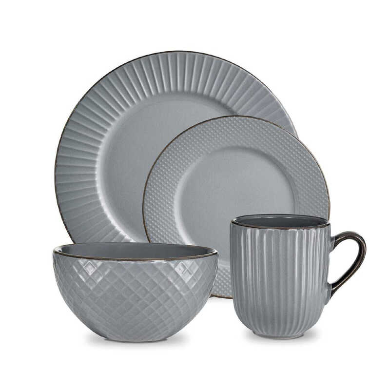 Tower Empire 16 Piece Dinnerware Set, Grey & Brass
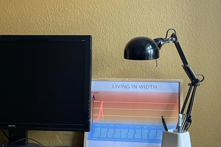 Just like astronauts in space, we experience temporal monotony when our environments and routines are unchanging. The Wide Time Calendar acts as your temporal anchor: marking moments that break the sameness and give your sense of time structure.
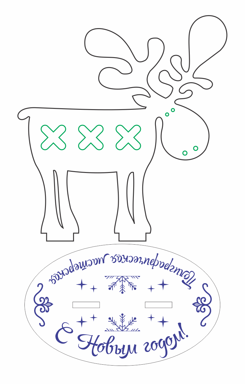 Te compartimos un vector descargable para reproducir una decoración navideña con forma de alce. Tiene base para estar de pie.
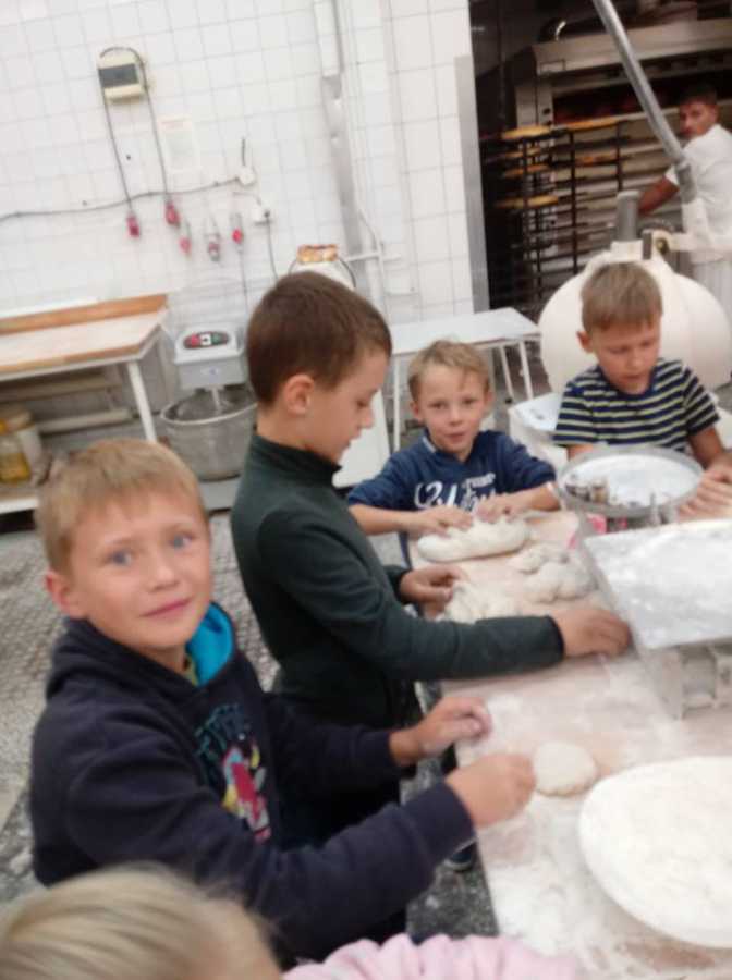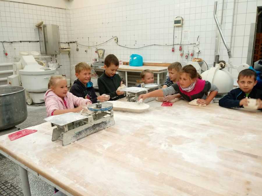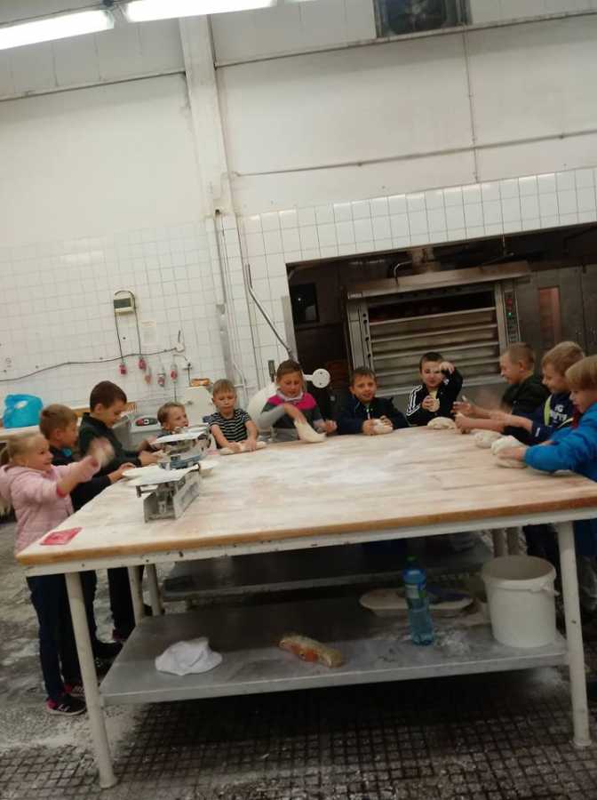 Uczniowie z klasy trzeciej w ramach zajęć edukacyjnych złożyli wizytę w piekarni aby
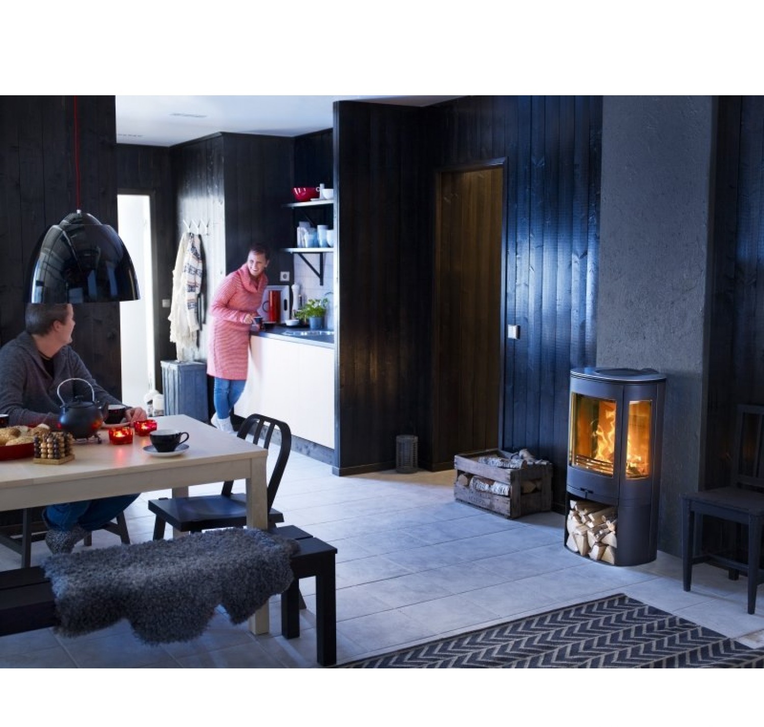 Печь-камин Contura 850 с широкими боковыми стеклами. Оснащен поворотной колосниковой решеткой, выдвижным зольником. Отделка: боковые панели - металл.
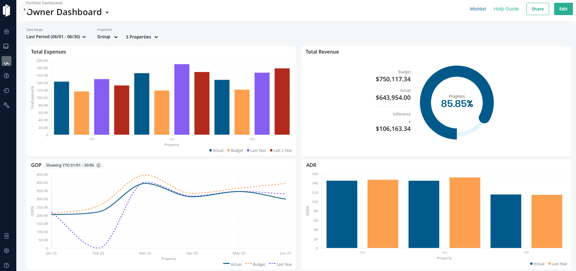 Creëer gepersonaliseerde dashboards met flexibele drag-and-dropfunctionaliteit om belangrijke prestatiegegevens te visualiseren via interactieve grafieken en diagrammen. Gebruik samengestelde sjablonen of voeg snel metrische kaarten toe voor KPI's zoals het gemiddelde dagtarief (ADR) en de bruto-exploitatiewinst (GOP). Zoom in op COA-niveau voor gedetailleerde inzichten in uitgaven en inkomstenstromen.

-=-=-

• _EXERCISE BRIEF_
Leaving out every picture, repeat exactly the lines of the records from the start through the line that has "Just like astronauts".

• _SOLUTION TO THE EXERCISE_
 Tower Empire 16 Piece Dinnerware Set, Grey & Brass
 Just like astronauts in space, we experience temporal monotony when our environments and routines are unchanging. The Wide Time Calendar acts as your temporal anchor: marking moments that break the sameness and give your sense of time structure.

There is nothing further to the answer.